Records for the exercise
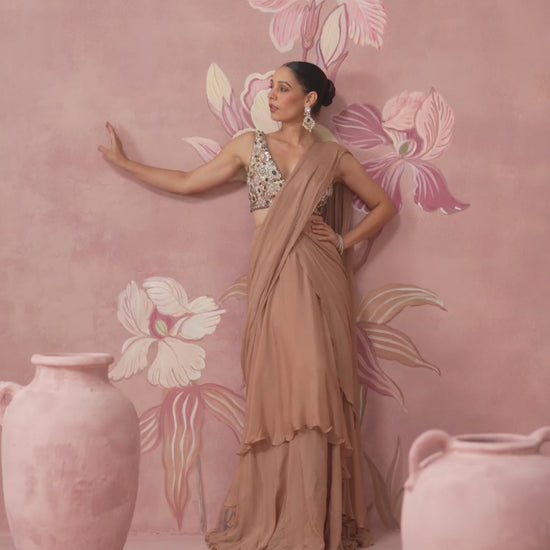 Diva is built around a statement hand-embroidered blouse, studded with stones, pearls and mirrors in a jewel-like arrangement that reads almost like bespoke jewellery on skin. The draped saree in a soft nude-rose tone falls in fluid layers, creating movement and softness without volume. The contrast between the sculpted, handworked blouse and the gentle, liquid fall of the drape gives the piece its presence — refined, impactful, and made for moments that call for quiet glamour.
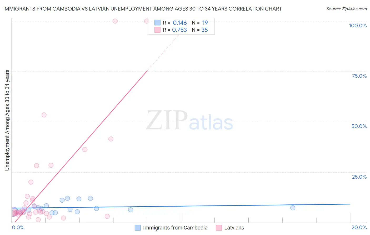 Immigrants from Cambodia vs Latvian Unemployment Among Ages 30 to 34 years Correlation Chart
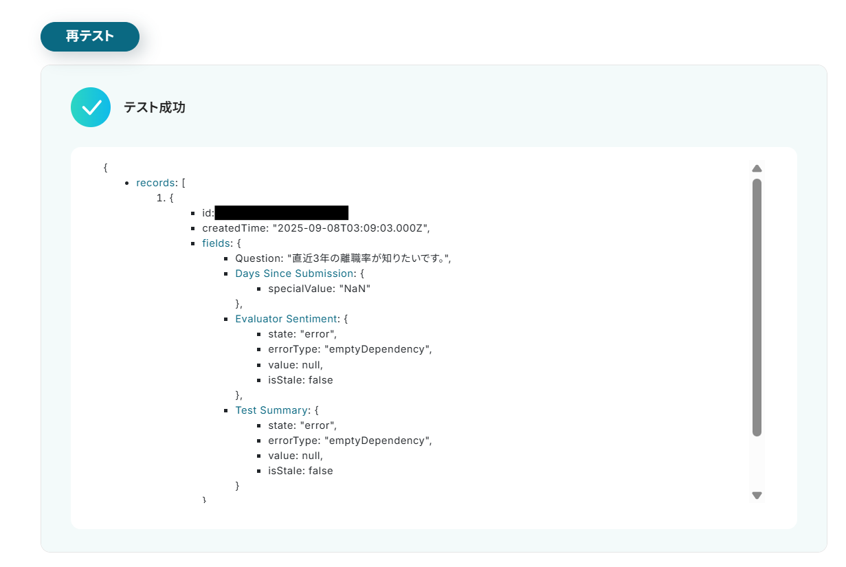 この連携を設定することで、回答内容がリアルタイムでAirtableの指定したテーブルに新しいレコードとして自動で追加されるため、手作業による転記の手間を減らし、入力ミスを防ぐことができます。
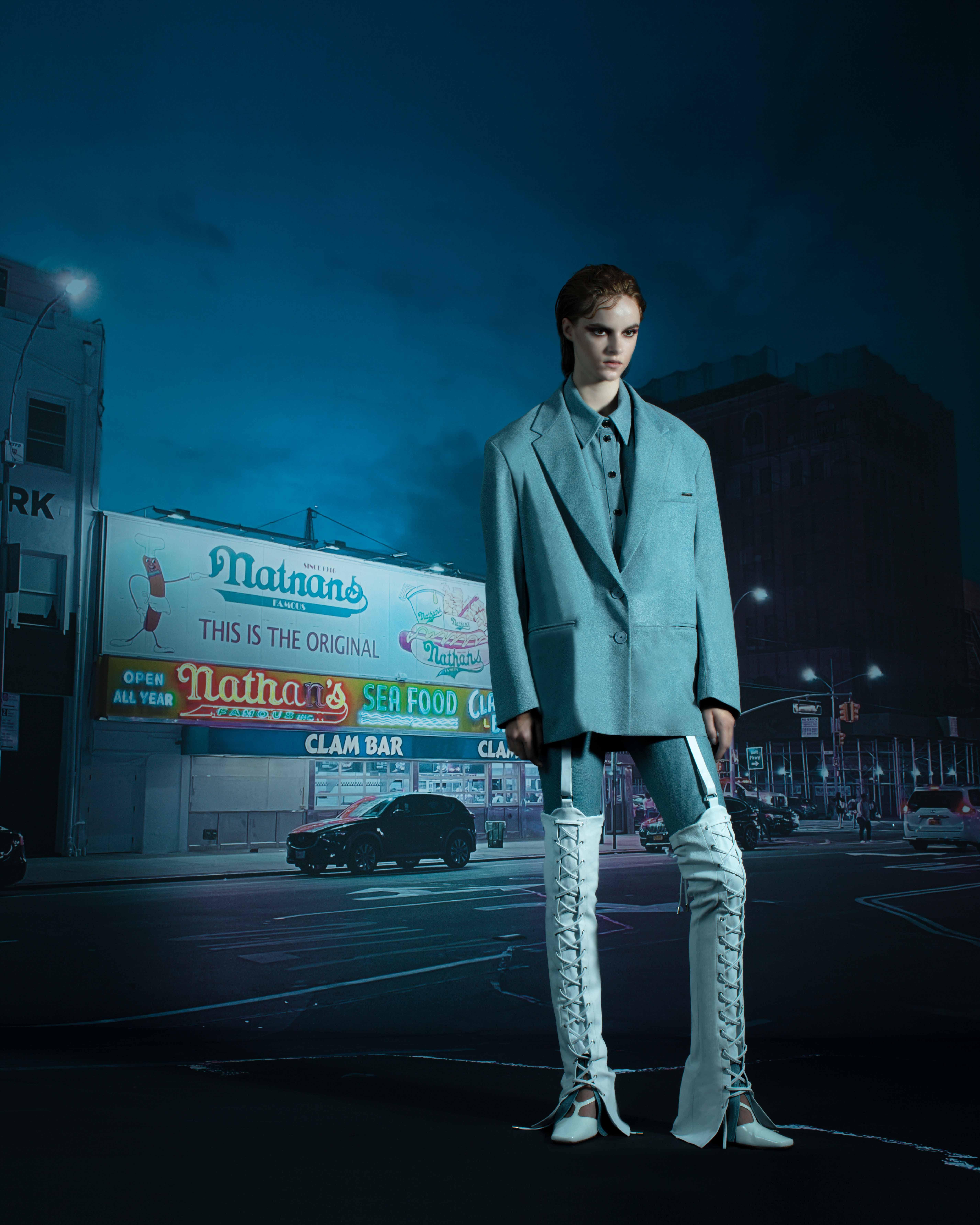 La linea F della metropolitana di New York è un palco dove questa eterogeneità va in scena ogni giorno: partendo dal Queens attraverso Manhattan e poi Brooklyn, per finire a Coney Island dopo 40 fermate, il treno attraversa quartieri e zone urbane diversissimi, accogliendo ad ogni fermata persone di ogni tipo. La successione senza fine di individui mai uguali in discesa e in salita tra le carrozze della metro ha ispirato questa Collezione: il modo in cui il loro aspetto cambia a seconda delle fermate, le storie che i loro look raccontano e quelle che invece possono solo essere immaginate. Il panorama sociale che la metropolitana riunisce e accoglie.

==

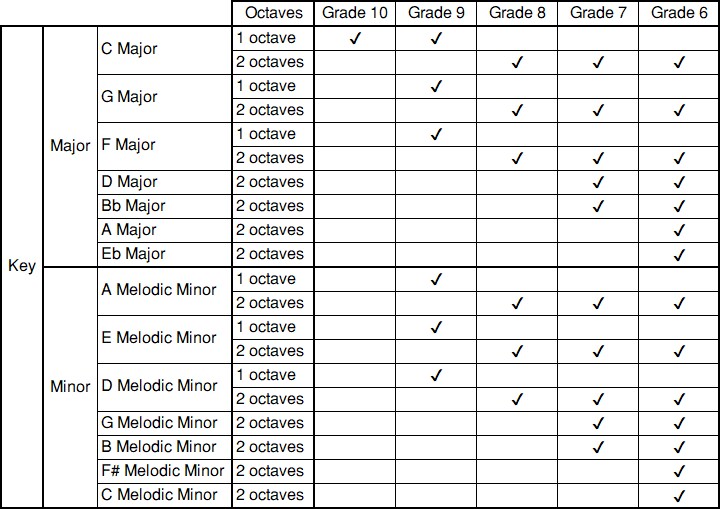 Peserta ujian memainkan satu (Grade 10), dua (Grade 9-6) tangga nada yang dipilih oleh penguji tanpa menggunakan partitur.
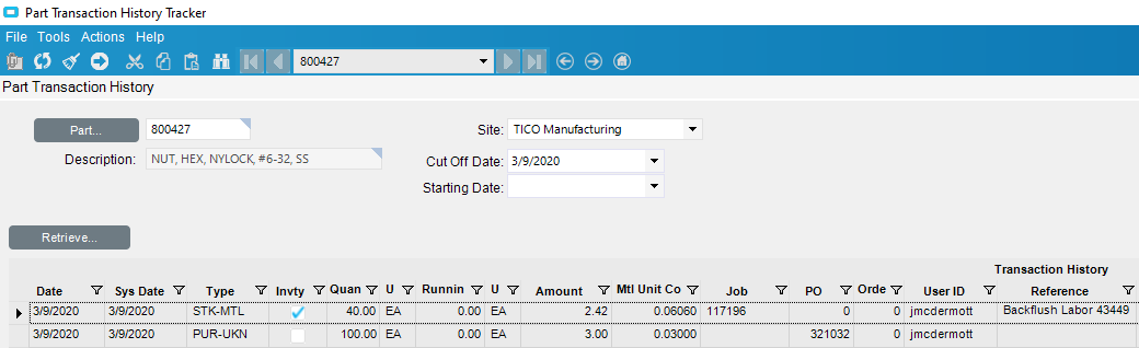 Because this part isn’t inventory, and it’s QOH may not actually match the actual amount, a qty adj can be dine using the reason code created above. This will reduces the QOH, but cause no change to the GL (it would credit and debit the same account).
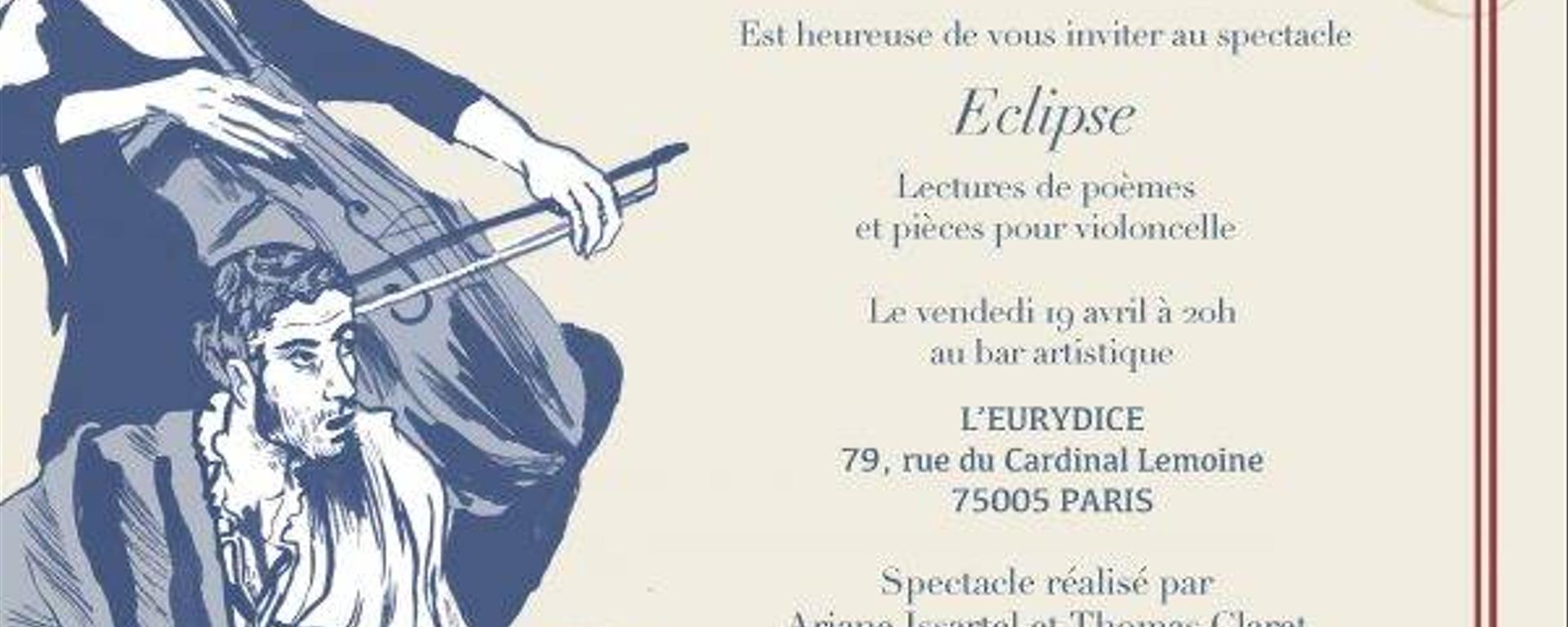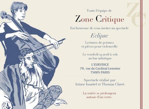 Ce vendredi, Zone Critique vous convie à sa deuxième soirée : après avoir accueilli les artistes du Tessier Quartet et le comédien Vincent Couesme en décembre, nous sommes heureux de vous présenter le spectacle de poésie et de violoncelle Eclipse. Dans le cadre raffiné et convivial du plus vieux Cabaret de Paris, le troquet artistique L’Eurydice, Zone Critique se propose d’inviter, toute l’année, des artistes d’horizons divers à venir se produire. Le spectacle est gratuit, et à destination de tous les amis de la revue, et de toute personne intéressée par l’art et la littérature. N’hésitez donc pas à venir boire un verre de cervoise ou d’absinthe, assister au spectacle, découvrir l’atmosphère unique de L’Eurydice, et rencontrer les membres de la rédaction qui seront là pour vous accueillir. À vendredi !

Requirement
When copying from the data above, print only the lines from the line containing "Peserta ujian memainkan" to the line containing "Because this part", exactly, and leave the pictures out.

The answer
 Peserta ujian memainkan satu (Grade 10), dua (Grade 9-6) tangga nada yang dipilih oleh penguji tanpa menggunakan partitur.
 Because this part isn’t inventory, and it’s QOH may not actually match the actual amount, a qty adj can be dine using the reason code created above. This will reduces the QOH, but cause no change to the GL (it would credit and debit the same account).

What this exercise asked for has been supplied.